Reproduce the lines below exactly, from the one containing "In quest'opera, ho" through the one containing "Proyecto de telefonía", both included. Leave out any pictures.

--- DATA EXTRACT ---

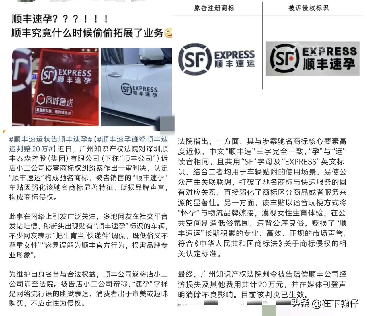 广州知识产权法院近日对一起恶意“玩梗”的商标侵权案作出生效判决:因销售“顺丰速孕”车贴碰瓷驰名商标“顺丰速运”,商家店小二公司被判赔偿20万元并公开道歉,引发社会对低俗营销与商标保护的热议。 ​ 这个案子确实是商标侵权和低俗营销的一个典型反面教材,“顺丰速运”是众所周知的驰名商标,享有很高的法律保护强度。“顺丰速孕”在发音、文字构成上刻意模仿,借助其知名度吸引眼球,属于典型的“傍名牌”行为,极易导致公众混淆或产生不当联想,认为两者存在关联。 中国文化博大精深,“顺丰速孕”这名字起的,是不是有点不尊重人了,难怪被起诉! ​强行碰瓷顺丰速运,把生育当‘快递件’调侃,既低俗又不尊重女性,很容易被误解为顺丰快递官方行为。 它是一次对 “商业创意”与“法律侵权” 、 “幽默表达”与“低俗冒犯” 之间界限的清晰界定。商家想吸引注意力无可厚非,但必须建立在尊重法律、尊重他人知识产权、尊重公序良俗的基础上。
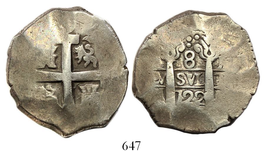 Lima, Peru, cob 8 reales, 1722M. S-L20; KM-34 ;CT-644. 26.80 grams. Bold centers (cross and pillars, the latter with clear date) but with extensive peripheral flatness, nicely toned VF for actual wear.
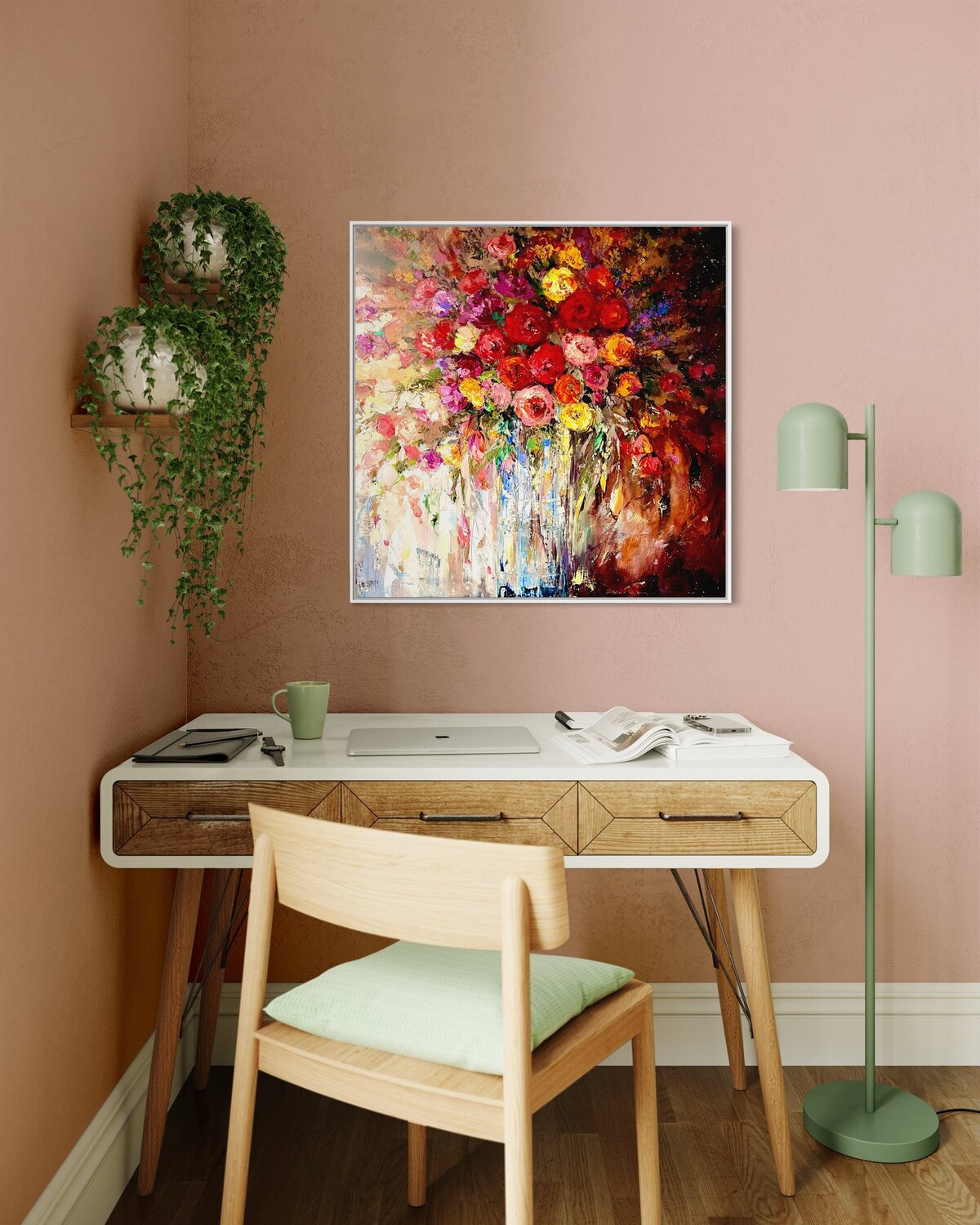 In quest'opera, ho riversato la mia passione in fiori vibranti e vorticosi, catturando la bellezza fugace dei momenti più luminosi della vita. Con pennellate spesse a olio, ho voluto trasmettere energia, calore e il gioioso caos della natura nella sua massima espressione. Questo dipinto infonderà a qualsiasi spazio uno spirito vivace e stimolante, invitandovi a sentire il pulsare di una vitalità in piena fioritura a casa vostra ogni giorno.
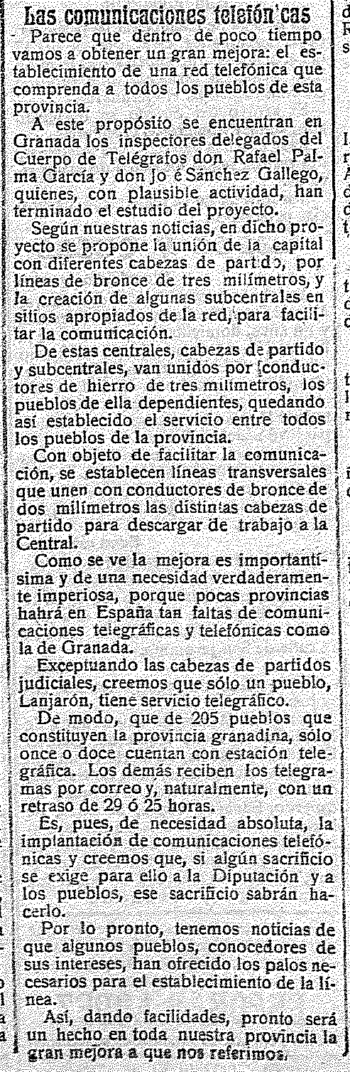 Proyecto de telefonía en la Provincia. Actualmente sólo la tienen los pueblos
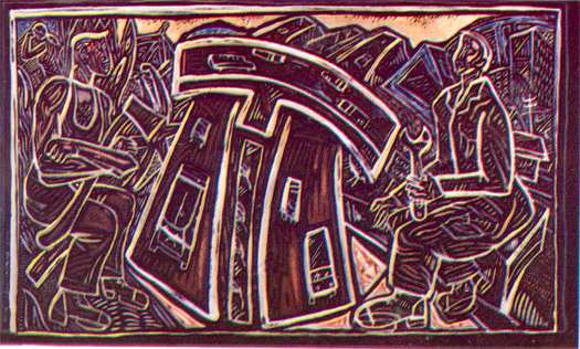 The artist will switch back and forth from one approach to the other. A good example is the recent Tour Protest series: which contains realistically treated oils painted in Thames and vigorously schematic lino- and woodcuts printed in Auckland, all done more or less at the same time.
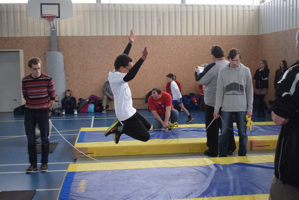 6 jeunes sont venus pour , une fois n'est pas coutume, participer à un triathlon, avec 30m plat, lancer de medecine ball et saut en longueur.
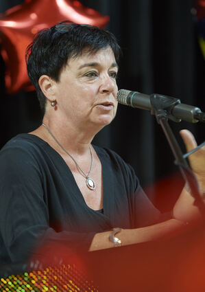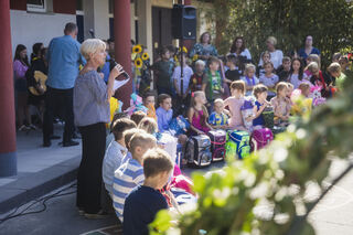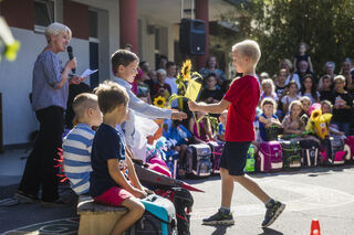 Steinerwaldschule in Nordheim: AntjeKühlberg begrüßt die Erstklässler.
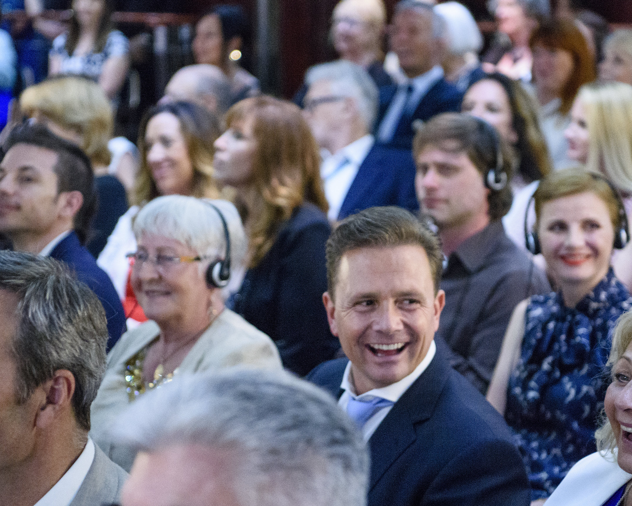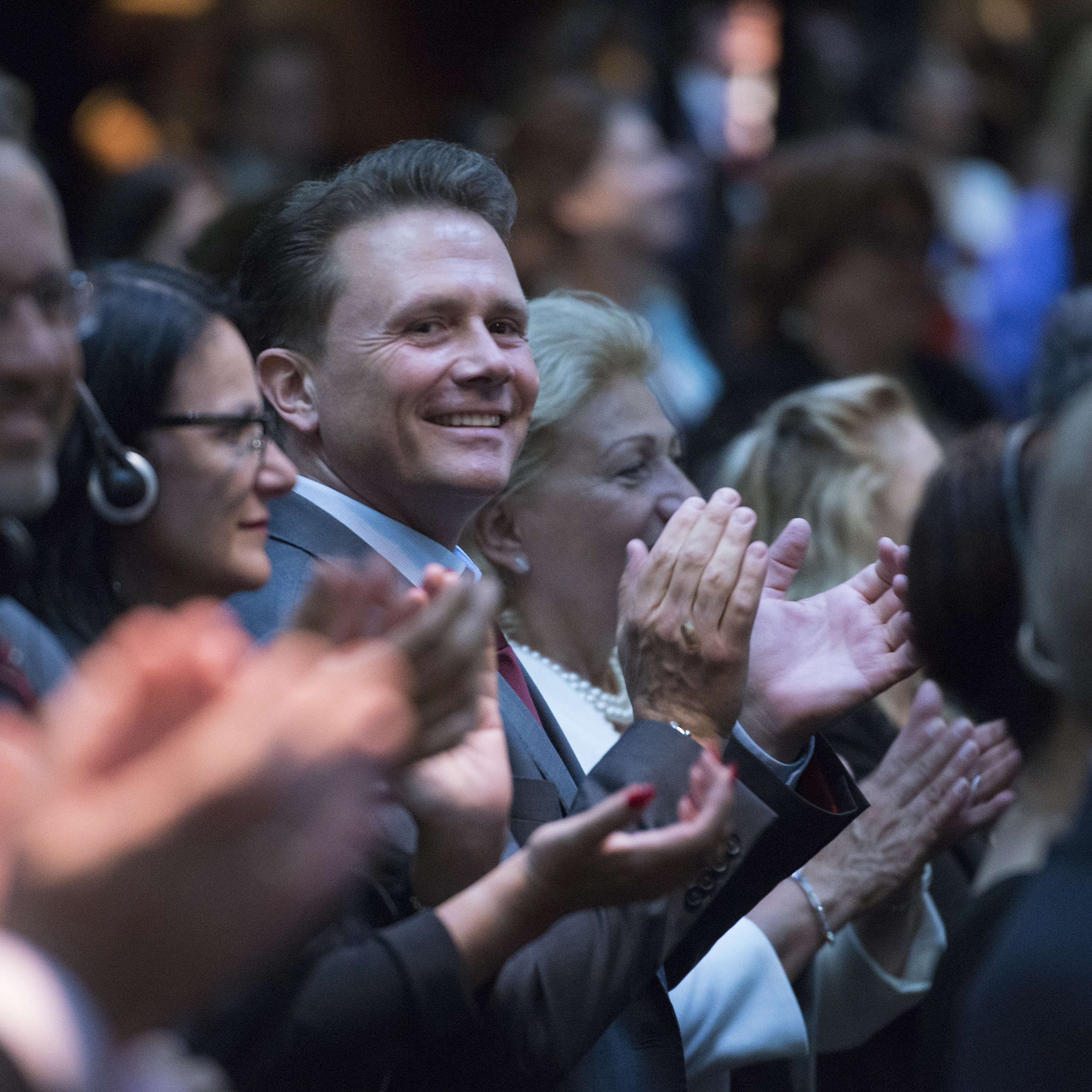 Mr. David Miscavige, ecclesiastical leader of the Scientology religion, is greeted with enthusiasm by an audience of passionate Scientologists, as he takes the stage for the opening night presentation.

---
--- DATA EXTRACT ---

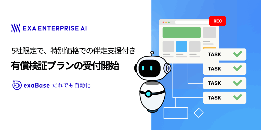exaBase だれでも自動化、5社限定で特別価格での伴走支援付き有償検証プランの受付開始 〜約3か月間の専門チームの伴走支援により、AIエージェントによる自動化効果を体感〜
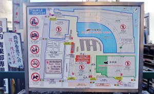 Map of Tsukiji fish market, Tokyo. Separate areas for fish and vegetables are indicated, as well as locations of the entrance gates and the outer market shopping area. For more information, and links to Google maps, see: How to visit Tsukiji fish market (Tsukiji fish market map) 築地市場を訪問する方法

---
--- DATA EXTRACT ---

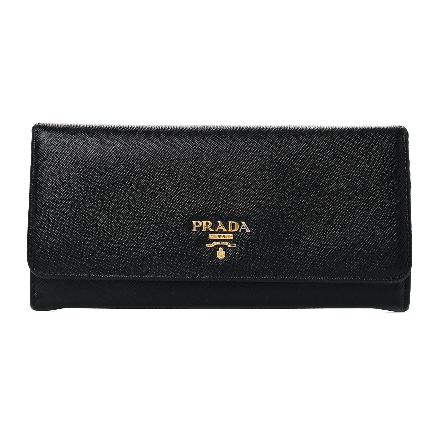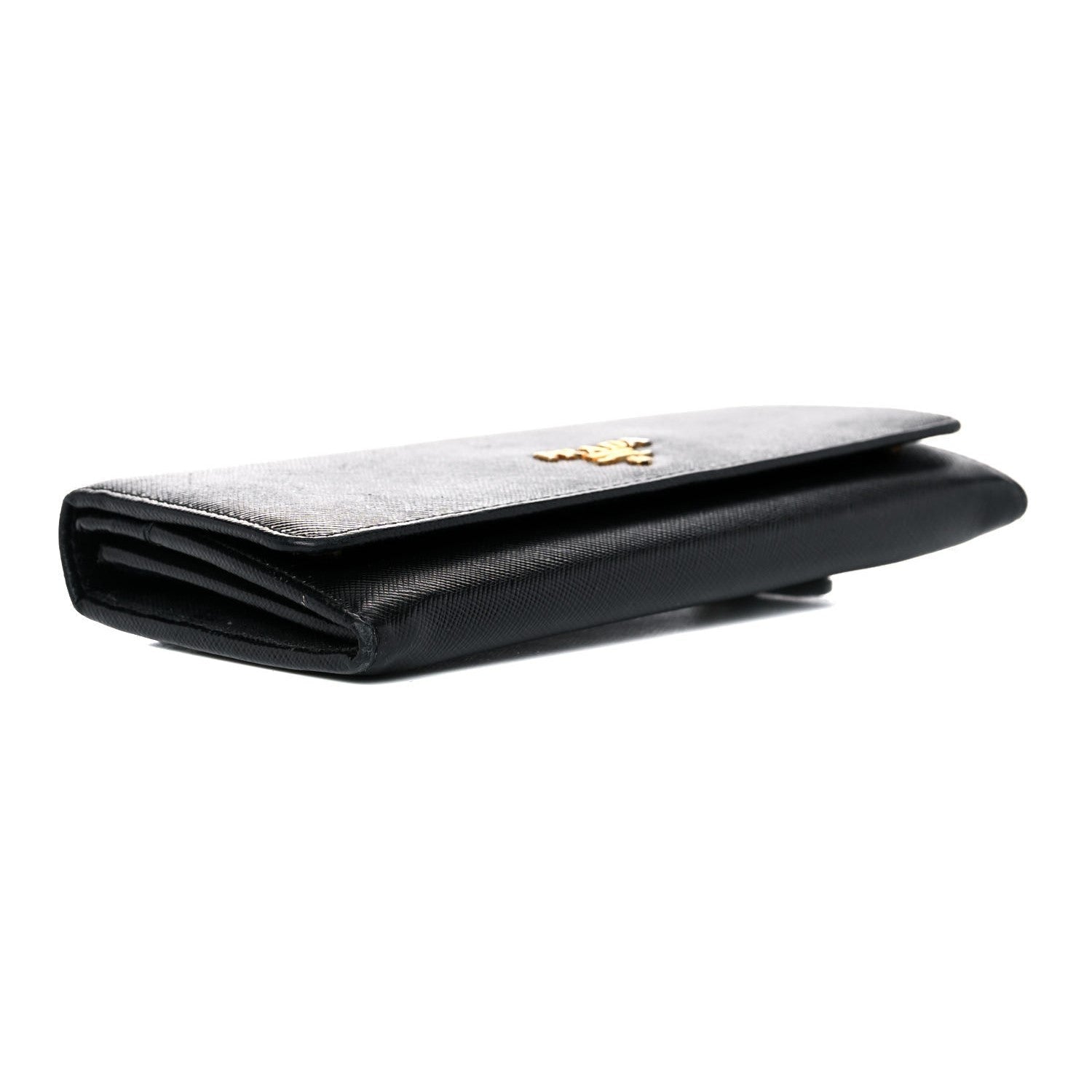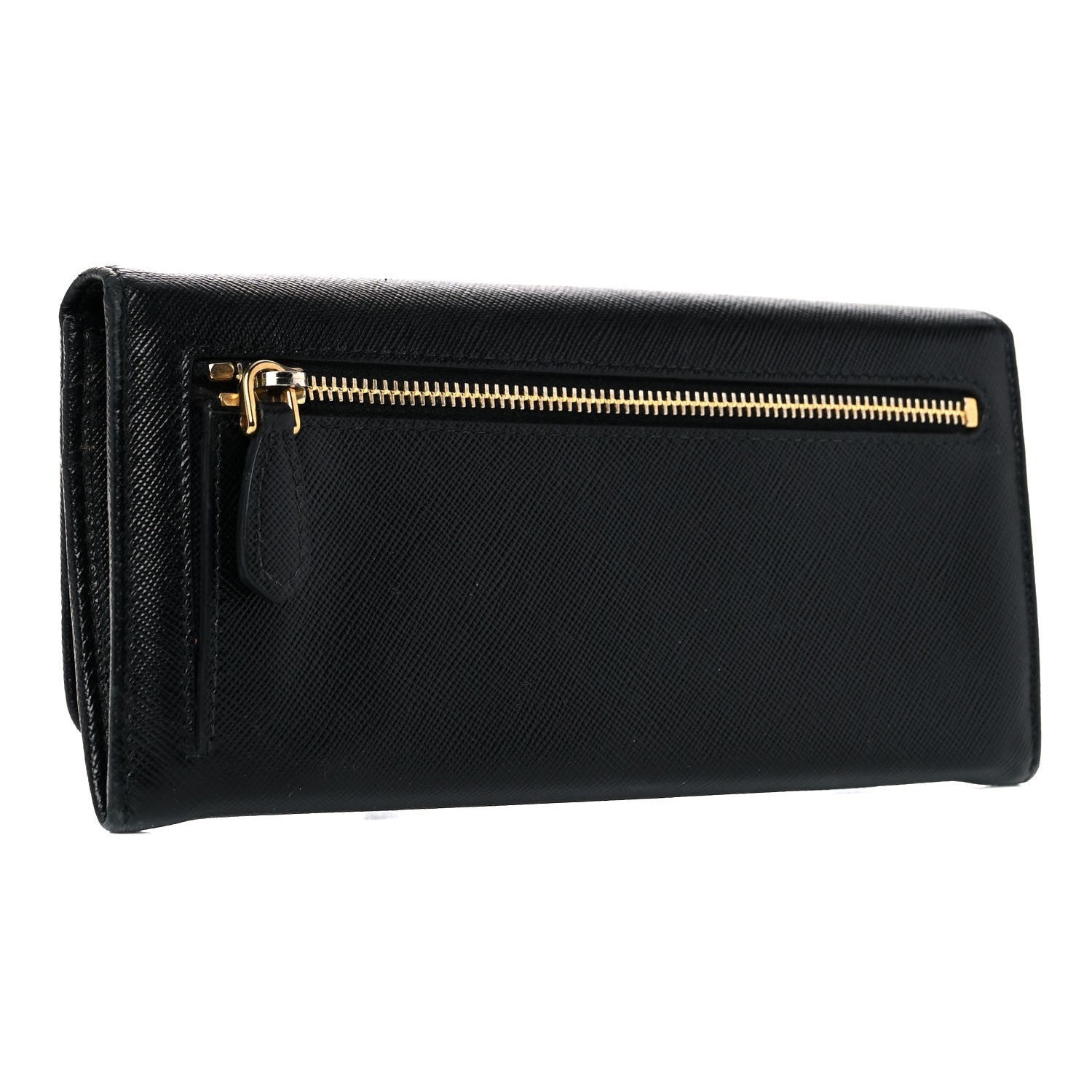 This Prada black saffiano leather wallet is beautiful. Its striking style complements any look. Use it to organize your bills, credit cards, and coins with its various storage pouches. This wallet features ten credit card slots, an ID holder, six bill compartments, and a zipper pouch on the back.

---

--- RESPONSE TO THE EXERCISE ---
 In quest'opera, ho riversato la mia passione in fiori vibranti e vorticosi, catturando la bellezza fugace dei momenti più luminosi della vita. Con pennellate spesse a olio, ho voluto trasmettere energia, calore e il gioioso caos della natura nella sua massima espressione. Questo dipinto infonderà a qualsiasi spazio uno spirito vivace e stimolante, invitandovi a sentire il pulsare di una vitalità in piena fioritura a casa vostra ogni giorno.
 Proyecto de telefonía en la Provincia. Actualmente sólo la tienen los pueblos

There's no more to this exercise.